US concerned after Iran 'warhead' report
The United States voiced renewed concern yesterday about Iran's nuclear programme after a report by the UN's atomic watchdog suggested Tehran may be working on a nuclear warhead. "We have ongoing concerns about Iran's activities. We cannot explain why...
The United States voiced renewed concern yesterday about Iran's nuclear programme after a report by the UN's atomic watchdog suggested Tehran may be working on a nuclear warhead.
"We have ongoing concerns about Iran's activities. We cannot explain why it refuses to come to the table and engage constructively to answer the questions that have been raised," State Department spokesman P.J. Crowley told reporters.
The Vienna-based International Atomic Energy Agency (IAEA) said earlier yesterday in a restricted report that Tehran may be working on a nuclear warhead and had begun enriching uranium at higher levels.
"The information available to the agency... raises concerns about the possible existence in Iran of past or current undisclosed activities related to the development of a nuclear payload for a missile," the watchdog's chief Yukiya Amano wrote in his first report to its board of governors.

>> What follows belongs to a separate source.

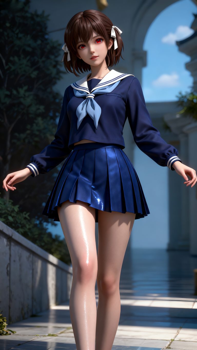 身穿参考图1中人物的服装和发型,使用参考图2中的体型和脸,少女,人物全身3D精美建模,国风3D建模脸,“加强脸部的立体效果”,精致的脸,3D高精度建模渲染皮肤,白皙柔嫩的皮肤,肌肤白嫩水光光泽,电影质感,体积光反射,光弥散,远景,绝世美女,写实真人,九头身模特身材,大长腿,大师杰作,细节清晰详尽,不要出现文字,随机pose,随机场景,魅惑的表情,oc渲染,辛烷值渲染,细节拉满,质感厚重,空气感,气质独特,动作诱人,随机元素堆叠组成,画面明亮。视觉盛宴,渲染直出。摄影后期处理。曼妙身材,大长腿,角色扮演,究极细节,大师级光影,真实服装效果,服装细节质感。3D国风动漫,细腻的皮肤,干净无暇的真实皮肤,CG渲染,氛围感,光感,自然姿势,HDR环境光,运用弥散光和轮廓光特写,采用光线追踪和电影光效呈现流体效果,伦勃朗光。成女体型。

The language of the report was much more blunt than that used by Amano's predecessor, Egyptian Mohamed ElBaradei, who stepped down as head of the IAEA at the end of November.
The Vienna-based IAEA has been investigating for a number of years intelligence reports claiming Iran was involved in weapons research.
These so-called "alleged studies" included uranium conversion, high explosives testing and the adaptation of a ballistic missile cone to carry a nuclear warhead.
A US intelligence report in 2007 said Iran halted such research in 2003, but Mr Amano's report gives credence to the belief held by some western countries that the programme continued.
The information was "extensive... broadly consistent and credible in terms of the technical detail, the timeframe in which the activities were conducted and the people and organisations involved," the report said.
The 10-page document, which is to be discussed by IAEA governors at a meeting next month, also confirmed Tehran had begun enriching uranium to higher levels, theoretically bringing it closer to the levels needed for an atomic bomb.
Iran has previously reached uranium enrichment levels of no more than five per cent at its facility at Natanz, in defiance of UN orders for it to cease and despite three rounds of UN sanctions.
Earlier this month, Iran announced it would begin enriching uranium to 20 per cent, ostensibly to make the fuel for a research reactor that makes medical radioisotopes.
Iran insists its intentions are peaceful, but western powers suspect Tehran is enriching uranium to make nuclear weapons, as the material in high purity form can be used in the core of an atomic bomb.
The report said while the Islamic republic officially informed the IAEA of its intentions, it started feeding nuclear material into the uranium-enriching centrifuges before IAEA inspectors arrived in the plant to oversee the process.
The report said Iran had moved most of its stockpile of low-enriched uranium - 1,950 kilograms from an estimated total of 2,065 kilograms - for processing to higher levels.